The SGD group at Stanford is responsible for hosting various production aspects of GO. Included are: Maintenance and hosting of geneontology.org Internet services including CVS, FTP, HTTP, and CVSWEB. This includes hosting of the AmiGO ontology browsing service, regular data loading, export, Wiki and FTP hosting, nightly creation of GODIFF and the old OBO and GO formatted ontology files, plus filtering the gene association files supplied by consortium members. The statistics for the filtered gene association files is also updated nightly. The usage of geneontology.org has been relatively constant since the last report with ~30,000 visits/week. Usage of AmiGO fluctuates between 30,000 - 70,000 hits/week.

Software & Databases

AmiGO

Maintenance and support of the production AmiGO web site continues. Amigo was updated with release 1.5 in April, 2008. AmiGO 1.5 has reduced the number of long running queries that previously swamped the production nodes. A “killing” script was developed to axe long running processes and malformed queries. This script is no longer necessary, as of the release of AmiGO 1.5. The new version of AmiGO greatly reduces the unnecessary load on the production nodes in two ways. Firstly, huge SGL queries (greater than 200K characters) are not created by AmiGO. For the past year these huge queries were catch by the “killing” script. Secondly, a bug in mysql caused threads of “Killed” status to not be terminated, thus they would continue to be executed until finished. Some of these huge SQL queries would regularly use >4 hours of CPU time.

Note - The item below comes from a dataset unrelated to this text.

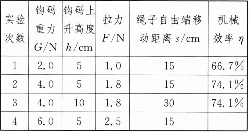 (2)第4次实验时所做的有用功为$W_{有用}=Gh = 6.0\ N× 0.05\ m = 0.3\ J$;$W_{总}=Fs = 2.5\ N× 0.15\ m = 0.375\ J$;滑轮组的机械效率为$\eta=\frac{W_{有用}}{W_{总}}× 100\%=\frac{0.3\ J}{0.375\ J}× 100\%=80\%$。

The only way to reduce the load once these huge queries were started was to shutdown and restart the mysql daemon. This was done whenever several of these Killed threads were detected and the load was greater than 8. We are happy to report the production nodes have not needed mysql to be restarted since AmiGO 1.5 was installed. We continue to support AmiGO on a new development server that allows efficient testing and deployment of the database and software to the two production nodes.

GO Database

The three GO relational databases continue to be built and maintained. After server months of development and testing a new database loading environment has been put into production in March, 2008. Bulk loading for both associations and sequences has been added. The new loader is faster, more importantly it avoids a critical memory error that existed in the old sequence loading code. This previous problem prevented the release of both the January and February GO-FULL builds. Currently, all UniProtKB sequences are loaded into GO-FULL, this should prevent any scaling issues in the future, as the number of annotations is expected to grow faster than the number of sequences in UniProtKB. This is faster than identifying the sequences are used in the gene association files and then scanning the downloaded UniProtKB files to locate and then load this subset of UniProtKB entries.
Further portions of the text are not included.